There are other errors, too, but this should get you started down the debugging path.
I've written some code that's meant to integrate a function numerically using the trapezoidal rule. It works, but the answer it produces has a wrong sign. Why might that be?
The code is:
integration :: (Double -> Double) -> Double -> Double -> Double
integration f a b = h * (f a + f b + partial_sum)
where
h = (b - a) / 1000
most_parts = map f (points (1000-1) h)
partial_sum = sum most_parts
points :: Double -> Double -> [Double]
points x1 x2
| x1 <= 0 = []
| otherwise = (x1*x2) : points (x1-1) x2
Trapezoidal rule
The code is probably inelegant, but I'm only a student of Haskell and would like to deal with the current problem first and coding style matters after that.
Note: This answer is written in literate Haskell.
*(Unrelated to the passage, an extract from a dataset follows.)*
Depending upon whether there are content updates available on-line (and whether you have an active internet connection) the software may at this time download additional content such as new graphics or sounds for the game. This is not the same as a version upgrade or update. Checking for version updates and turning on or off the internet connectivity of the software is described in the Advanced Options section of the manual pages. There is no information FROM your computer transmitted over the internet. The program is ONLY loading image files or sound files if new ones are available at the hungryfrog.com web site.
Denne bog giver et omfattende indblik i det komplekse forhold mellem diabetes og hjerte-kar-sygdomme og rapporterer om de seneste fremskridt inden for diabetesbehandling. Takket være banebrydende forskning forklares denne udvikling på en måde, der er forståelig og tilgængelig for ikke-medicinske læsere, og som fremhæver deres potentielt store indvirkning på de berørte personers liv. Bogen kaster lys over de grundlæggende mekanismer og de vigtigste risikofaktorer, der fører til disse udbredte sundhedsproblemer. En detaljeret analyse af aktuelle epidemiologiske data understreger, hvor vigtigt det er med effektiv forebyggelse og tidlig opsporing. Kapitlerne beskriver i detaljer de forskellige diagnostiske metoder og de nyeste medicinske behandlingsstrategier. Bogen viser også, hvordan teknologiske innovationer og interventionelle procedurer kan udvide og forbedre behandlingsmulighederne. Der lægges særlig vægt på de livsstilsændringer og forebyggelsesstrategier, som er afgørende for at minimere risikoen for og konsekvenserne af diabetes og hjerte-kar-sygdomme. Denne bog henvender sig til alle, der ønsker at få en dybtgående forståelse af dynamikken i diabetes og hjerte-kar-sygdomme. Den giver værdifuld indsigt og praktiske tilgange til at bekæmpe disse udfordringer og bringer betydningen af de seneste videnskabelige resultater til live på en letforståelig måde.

Save it with .lhs as extension and load it in GHCi to test the solution.
Finding the culprit
First of all, let's take a look at integration. In its current form, it contains only summation of function values f x. Even though the factors aren't correct at the moment, the overall approach is fine: you evaluate f at the grid points. However, we can use the following function to verify that there's something wrong:
ghci> integration (\x -> if x >= 10 then 1 else (-1)) 10 15
-4.985
Wait a second. x isn't even negative in [10,15]. This suggests that you use the wrong grid points.
Grid points revisited
Even though you've linked the article, let's have a look at an exemplary use of the trapezoidal rule (public domain, original file by Oleg Alexandrov):
Although this doesn't use a uniform grid, let's suppose that the 6 grid points are equidistant with grid distance h = (b - a) / 5. What are the x coordinates of those points?
x_0 = a + 0 * h (== a)
x_1 = a + 1 * h
x_2 = a + 2 * h
x_3 = a + 3 * h
x_4 = a + 4 * h
x_5 = a + 5 * h (== b)
If we use set a = 10 and b = 15 (and therefore h = 1), we should end up with [10, 11, 12, 13, 14, 15]. Let's check your points. In this case, you would use points 5 1 and end up with [5,4,3,2,1].
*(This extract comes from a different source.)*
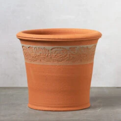 A motif of Poppy blossoms, created by hand by the artisans at England’s Whichford Pottery and rendered in a broad band of ash-grey slip, comes close to suggesting the intricacy of lacework on a versatile clay pot that is sized to accommodate a variety of plants – from fresh herbs and Begonias to Ferns and forced bulbs. The vessel’s classic design also features a well-defined rim, which makes for easy handling, and a subtle widening to form the base, which is finished with a discreet band detail. The pot is ornate enough to be used inside the house and superb for outdoors, too.

And there's the error. points doesn't respect the boundary. We can easily fix this by using pointsWithOffset:
> points :: Double -> Double -> [Double]
> points x1 x2
> | x1 <= 0 = []
> | otherwise = (x1*x2) : points (x1-1) x2
>
> pointsWithOffset :: Double -> Double -> Double -> [Double]
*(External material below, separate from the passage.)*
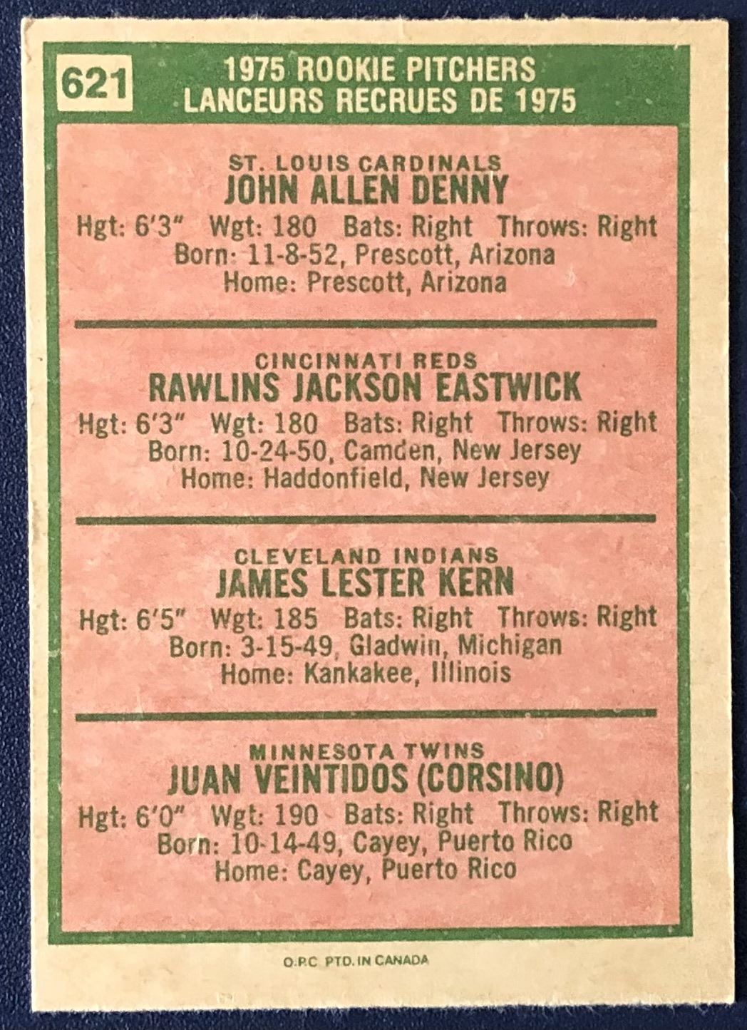 Card #621 OPC, heritage, MLB, baseball, rookie

> pointsWithOffset x1 x2 offset = map (+offset) (points x1 x2)
That way, we can still use your current points definition to generate grid points from x1 to 0 (almost). If we use integration with pointsWithOffset, we end up with
integration :: (Double -> Double) -> Double -> Double -> Double
integration f a b = h * (f a + f b + partial_sum)
where
h = (b - a) / 1000
most_parts = map f (pointsWithOffset (1000-1) h a)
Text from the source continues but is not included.